Bear stuck his side-handle baton lengthwise along the seam inside the hinges to prop the door ajar. A second door opened to the kitchen. Bear placed a wooden wedge with a nail driven through it, guiding it with a boot. It stuck in place, stopping the door on its backswing. They waded through a heap of kitty litter, globbed up from the toxic gases absorbed in the meth-cooking process, and pushed forward into the living room. Though they were close to the center of the ground floor, wind whistled past them from the open front door-no barriers along their escape route in case they needed to beat a hasty retreat.
The room-to-room went quickly, given the lack of furniture.
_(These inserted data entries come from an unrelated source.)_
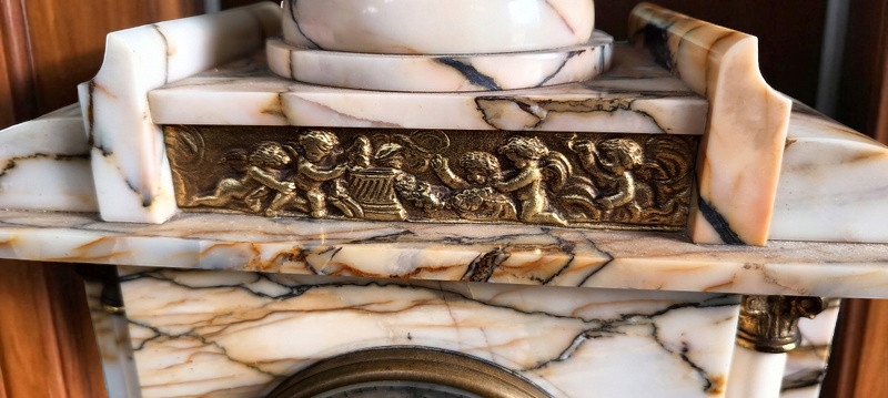 Каминные часы с двумя насадками. Изготовлен из разноцветного мрамора, что в целом создает чудесный эффект; по обеим сторонам колонны отделаны латунным декором, над циферблатом и под колоннами - латунные вставки с мотивами амура. Часы сделаны с вниманием к деталям. Круглый циферблат с арабскими цифрами расположен за выпуклым стеклом, обрамленным латунной рамкой. Механизм работает по принципу маятника, шагающего типа.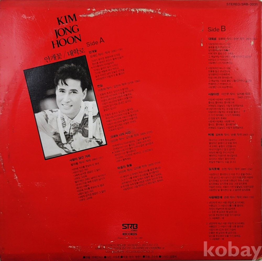 물 품 명 | 김종훈 / 안개꽃, 대학로 / 1989년 초반 / 서라벌레코드 |
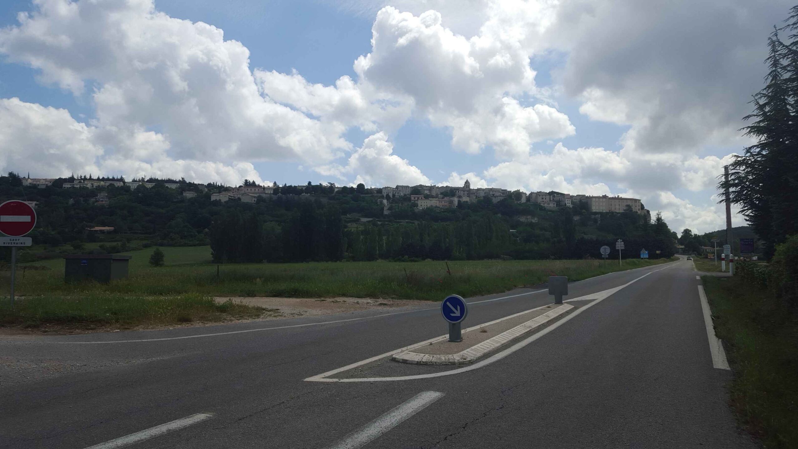 Doch für ein gemeinsames Passfoto reichte es dann doch. Hinunter nach Sault hatte ich die Nase wieder vorne… In Sault bogen wir dann nicht zum Ventouxanstieg ab sondern es ging weiter ins Landesinnere. Wir schlossen zu einer anderen kleinen Radgruppe auf und fuhren ein Stück mit ihnen zusammen. Die Landschaft war wunderschön und immer wieder ging der Blick zum Ventoux hinter dessen Rücken wir jetzt entlang fuhren. So ging es auf kleinen Strassen mit wenig Verkehr mehr bergab als bergauf in Richtung Malaucène.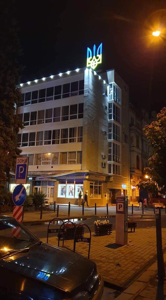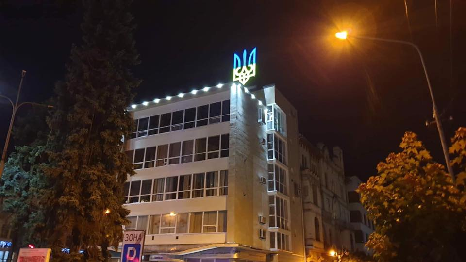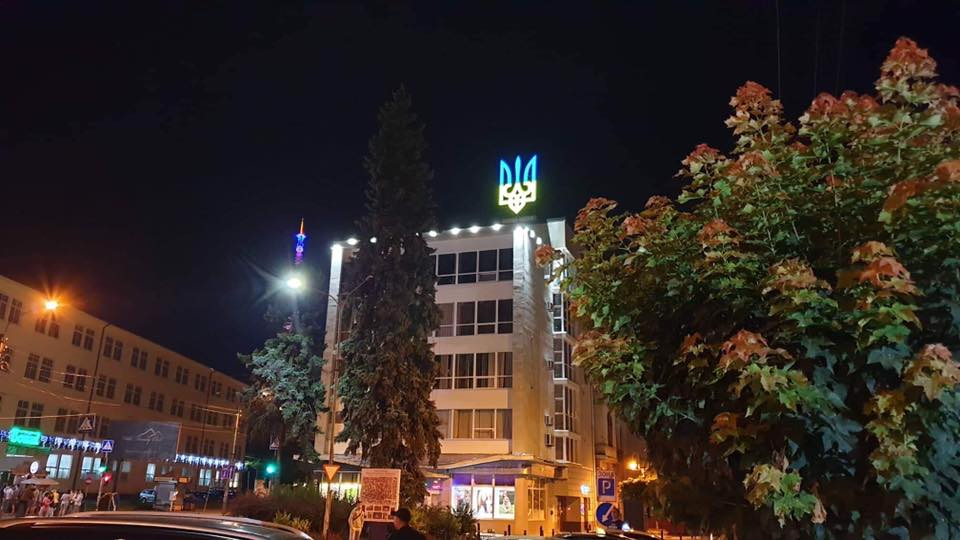 Нагадаємо, днями працівники КП “Івано-Франківськміськсвітло” на замовлення Департаменту житлової, комунальної політики та благоустрою Івано-Франківської міської ради провели капітальний ремонт та встановили світлодіодну підсвітку національного герба України, що знаходиться на даху будівлі за адресою по вул. Незалежності, 34.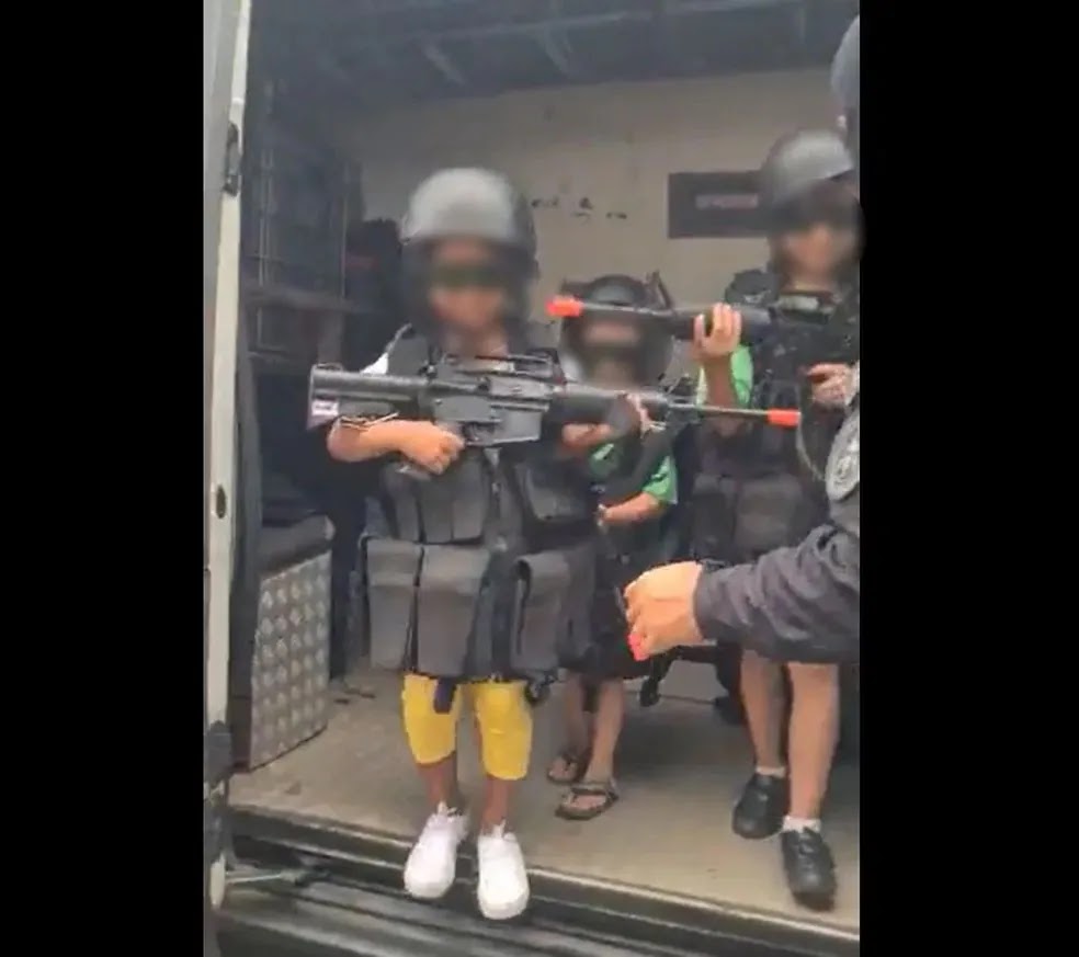 Em seguida, ele abre a porta da viatura e as crianças aparecem com parte do uniforme original da PM e as réplicas das armas nas mãos. Ao som da sirene, elas saem do carro e recebem “instruções” dos militares que estão ao lado de fora.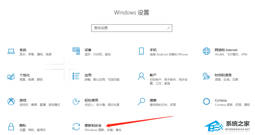 1. 打开电脑设置,点击“更新与安全”。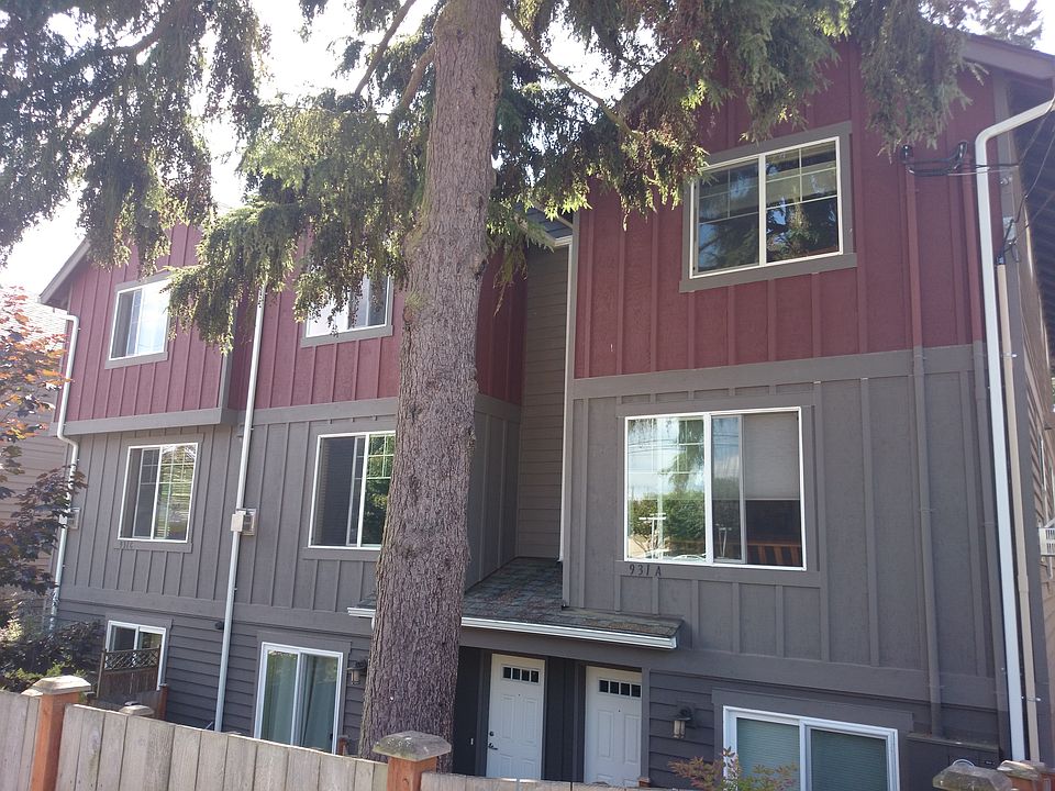 Stunning townhome in vibrant Greenwood on a residential street! Corner unit w/ bamboo floors, gas fireplace, radiant heat, tankless water heater, top-down blinds & sec sys. Open kitchen boasts granite counters, stainless appliances, pantry, breakfast bar, gas range & access to BBQ deck. Upper level offers 2 huge bdrms w/ vaulted ceilings and a full bath w/double sinks & glass tile accents. Entry level has 1 bdrm & full bath -great layout for guests. Close to restaurants, shops & bus to downtown.

They triangulated, only one deputy moving at a time. They made silent progress, their backs toward the walls, careful not to let their shoulders whisper against doorframes. Accustomed to full-bore ART kick-ins requiring heavy firepower, Guerrera didn't handle his Beretta with the same facility he did an MP5. Tim caught him holding the handgun up by his head and gestured for him to straight-arm it or keep it in a belt tuck. The Starsky amp; Hutch position was good solely for catching a closeup of an actor's face in the same frame as the gun; in real life a startle reaction to a sudden threat would leave an officer momentarily deaf and blind, or with half his face blown off.